PEEC Offers Second Hike in Fire Recovery Series

The Upper Crossing at Frijoles Canyon. Courtesy photo

PEEC News:

Chick Keller will lead a “Frijoles Canyon Devastation and Recovery Interpretive Hike” Sunday, Sept. 16. The hike is free and open to the public, with no registration required. 

Participants should meet at 8 a.m. at Ponderosa Campground, near the intersection of N.M. 501 and N.M. 4. 

The hike will first go about 1.5 miles to the rim of Frijoles Canyon, through moderate burn damage and one badly flood-damaged site.  Participants who wish to continue will hike down into the canyon to Upper Crossing, and then bushwhack up-canyon about a mile farther. 

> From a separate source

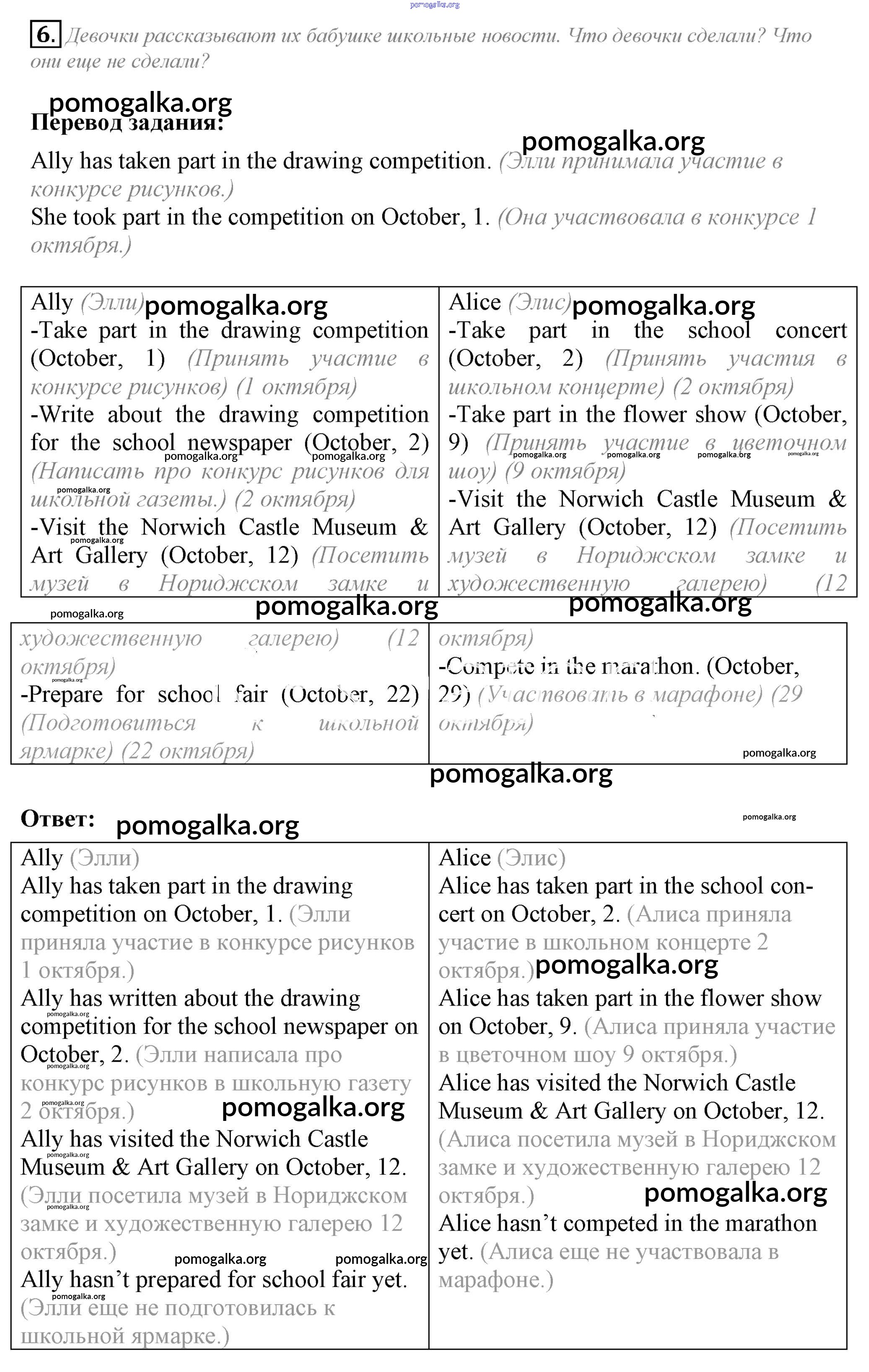 Готовые ответы - Английский язык 6 класс Кузовлёв В.П. - lesson 3-4 unit 3 6

Keller chose this hiking route to show both the devastation of the fire and subsequent flooding in upper Frijoles Canyon, habitat loss that has occurred, and the amount of recovery that has taken place. 

Total hiking time will be about five hours, with around 500 feet of elevation gain on the way out. 

Keller is the former director of Los Alamos National Laboratory’s Institute of Geophysics and Planetary Physics, and has been a critic of fire management in the Southwest. 

He also is the curator of the Pajarito Environmental Education Center’s (PEEC) Jemez Mountains Herbarium. 

As part of its mission, PEEC has taken on the task of collecting every species of plant in Los Alamos County, as well as in the Jemez Mountains.

Due to this research and collecting, Keller is extremely knowledgeable about what grows where in the County, and therefore in a unique position to know what species are missing since the fire. 

Join PEEC for this interesting look at fire damage and recovery in the local area.